Written by Todd Havekost on August 9, 2023.
Despite facing well-known limitations on potential improvements to cycle speed, each new generation of IBM Z processors leverages several categories of improvements to deliver increased processing capacity.
One category leverages synergy between IBM hardware and compiler designers to introduce new instructions into the Z instruction set that optimize execution of frequently executed functions. Full exploitation of these new instructions requires compiling programs with current compiler versions at current architectural (ARCH) levels”.
Benefits also accrue from incremental improvements in ‘under the covers’ areas of hardware design such as branch prediction algorithms, out of order execution, and millicode. IBM's David Hutton occasionally gives us a ‘peak behind the curtains’ into some of these fascinating technologies in his ‘/BM Z Processor Optimization Primer sessions at SHARE (which he is presenting again this month in New Orleans. If you will be there, we highly recommend his ‘(Primer to) The IBM Z Processor Optimization Primer session).

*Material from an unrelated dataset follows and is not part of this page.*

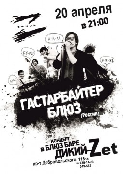 Одесса. Осень. Гастарбайтеры. Гастарбайтеры от блюза — это группа Гастарбайтер блюз из Липецка (Россия). Дмитрий Григорьев — вокал, Дмитрий Кравченко — гитара, Роман Застрожин — губная гармоника, Сергей Калинкин — бас-гитара, Олег Федченко — барабаны. Десять лет в блюзе и только один день в Одессе, в одном из самых уютных мест города — Блюз баре «Дикий Z«

Another recurring theme has involved integrating special-purpose processors that are designed to accelerate frequently used functions into the processor chip. The z15 introduced two such enhancements: the Integrated Accelerator for Z Sort, and the Integrated Accelerator for zEnterprise Data Compression (zEDC). The z16 delivered
another major (and indeed very timely!) enhancement in this area - the Integrated Accelerator for Artificial Intelligence (Al).
One other major ‘go to’ area for achieving additional efficiencies is improvements in processor cache design. These changes are generally intended to reduce the number of cycles spent waiting for data and instructions to be staged into the Level 1 cache so that work can be executed. Each processor generation introduces evolutionary improvements to cache design. Recent examples include merging the Level 1 Translation Lookaside Buffer (TLB) control information into the Level 1 cache (z14) and strategic increases in cache sizes (both z14 and z15).

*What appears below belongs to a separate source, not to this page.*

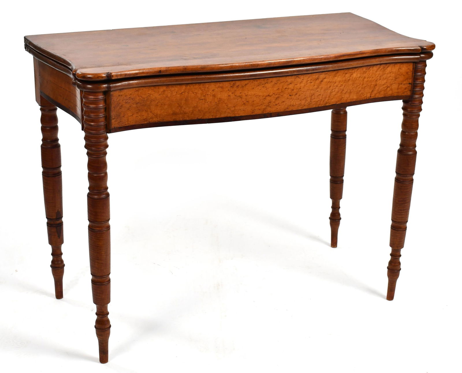19TH C. DUNLAP BIRCH AND MAPLE CARD TABLE.

Fundamental changes to the processor cache architecture occur less frequently, but can result in more far-reaching impact. By far the most significant cache design change in recent history was the z13's change to drawer interconnects involving a Non-Uniform Memory Access (NUMA) topology. This introduced significantly more variability into the latency times for cache accesses, depending on the location of the data relative to the chip the instruction is executing on.
Reflecting back, the magnitude of this z13 change is apparent in that it suddenly brought concepts such as Relative Nest Intensity (RNI), logical CP configurations (vertical highs, mediums, and lows), and SMF 113 metrics into the spotlight across the industry. It was not an exaggeration when David Hutton described this change as a “demarcation” in Z processor architecture.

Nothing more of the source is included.